# which partition manager works on vista???



## mayneu (Jan 26, 2007)

hi guys, i wanna resize a portion of hard disk on my laptop with vista OS. i tried several softwares like paragon, easeus & free partition manager. none were compatible with vista.
could anyone tell me which one works on vista & best to resize hard disk with vista installed on it??? pls urgent, i am running out of disk space on c drive.... help me as soon as possible guys....


----------



## techtronic (Jan 26, 2007)

*Start-> Run -> diskmgmt.msc *


----------



## shantanu (Jan 26, 2007)

VISTA ITSELF HAs a resize option so no need for a extra DM,

go to manage when you right click my computer then to storage and then you will see how to do it .. click in the partition you want to resize and DO IT


----------



## mayneu (Jan 26, 2007)

shantanu_webmaster said:
			
		

> VISTA ITSELF HAs a resize option so no need for a extra DM,
> 
> go to manage when you right click my computer then to storage and then you will see how to do it .. click in the partition you want to resize and DO IT


inbuilt vista partition manager is not at all good. i tried increasing the size on c drive, but there is no option to do it on c drive... its not upto the mark....
tell me guys any other best partition managers which works on vista for sure pls......


----------



## Pathik (Jan 26, 2007)

as of now none of the softs r compatible wit vista.... even i use diskmgmt.msc only... too bad it doesnt support ext3 operations...


----------



## mayneu (Jan 27, 2007)

i had to uninstall vista & then install media centre & then install acronis disk director to resize partition then install vista after formatting my hard disk....
no alternative as of now to increase the free space on c drive where vista is sitting....


----------



## Pathik (Jan 27, 2007)

i hav a triple boot xp,vista,fc6.. I do all my partitioning thru xp only..


----------



## techtronic (Jan 27, 2007)

pathiks said:
			
		

> i hav a triple boot xp,vista,fc6.. I do all my partitioning thru xp only..

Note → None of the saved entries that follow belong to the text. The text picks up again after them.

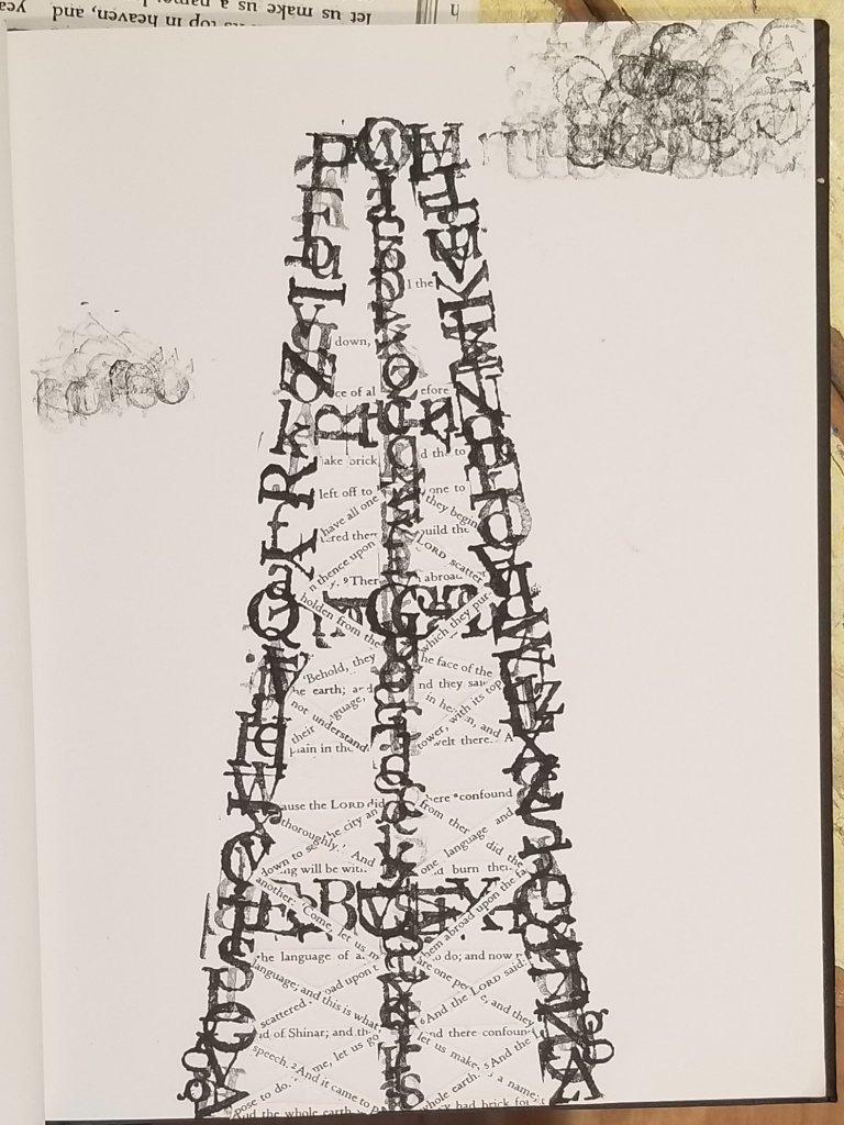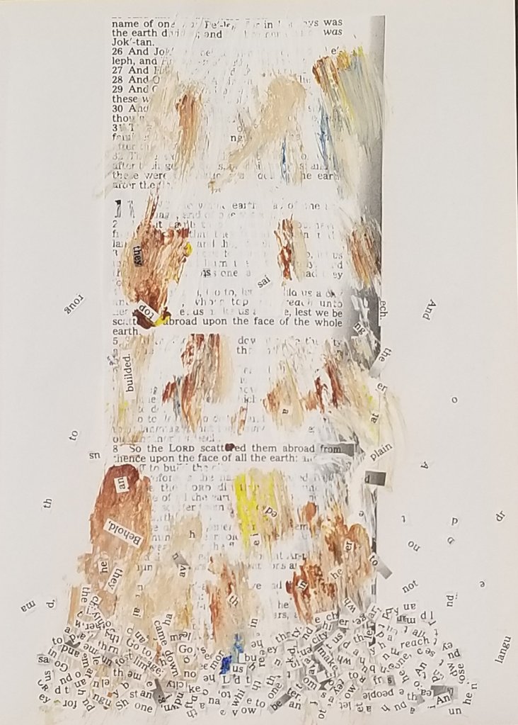 I’m not sure if this one is finished. I had envisioned many more fragments of words falling and heaped up, and I’m not sure if I paused here because it is done, or because I got tired of gluing tiny rectangles of paper. I’ll look at it afresh tomorrow and see.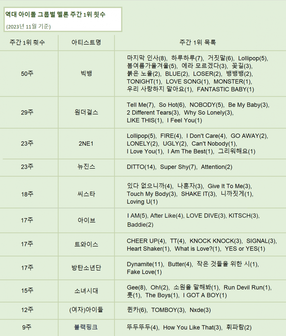 A netizen has compiled a list of songs that have attained the No. 1 position on the weekly chart. Leading the chart, Big Bang has an impressive record of 50 weeks at number 1. They are closely followed by Wonder Girls, who hold the second spot with 29 weeks, and in the third position, 2NE1 and NewJeans are tied at 23 weeks each. Remarkably, NewJeans stands out as the only non-second-generation artist in the top three, achieving this feat just one year after their debut. The detailed chart can be viewed below.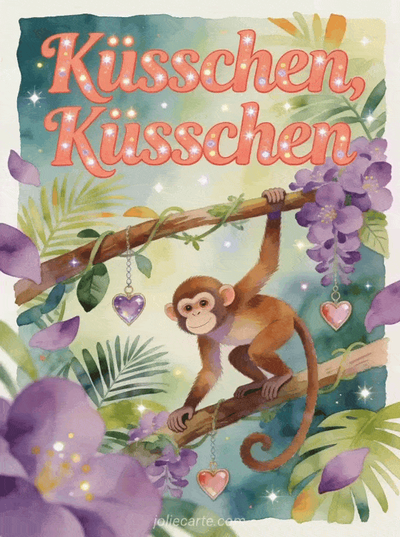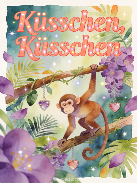 Sende einen verspielten Kussgruß mit korallenfarbener Schrift, einem Dschungelast, einem Affen, Veilchenblüten, hängenden Herzanhängern und tropischen Blättern. Entdecke auch Küsse senden Bild, ein Murmeltier Küsse gif oder kostenlose ai küsschen.

*Whats your Hard Drive Capacity ?*


----------



## mayneu (Jan 28, 2007)

pathiks said:
			
		

> i hav a triple boot xp,vista,fc6.. I do all my partitioning thru xp only..


yes , i agree... thats what i mean by that. with vista alone u cant even shake ur hard disk here and there. u need to have other OS to resize ur HDD...
vista wont allow u to resize its root partition.... right???


----------



## madrasi (Jan 28, 2007)

pathiks said:
			
		

> as of now none of the softs r compatible wit vista.... even i use diskmgmt.msc only... too bad it doesnt support ext3 operations...



Vista may not ever support Linux partition types.how can MS do such a thing?


----------



## stella (Aug 29, 2008)

EASEUS Partition Manager Home Edition is a free one, so it can not be used on vista. You can tyr PC tools which acclaim that they can support VISTA.Besides, I know that EASEUS will release a new edition which can support vista next in September. You can also have a try of it.


----------



## din (Aug 29, 2008)

Is there any particular reason you have to partition inside Vista itself ?

If not, why not try Gparted ? 

Shutdown, change settings to boot form CD, and try it. Once it is done, go back to Vista. 

Get Gparted Live CD. That is free, opensource and will do the work.

Get it from - *gparted.sourceforge.net/livecd.php

Credits : All credits goes to the senior member Nucleuskore who posted details in this forum many times.


----------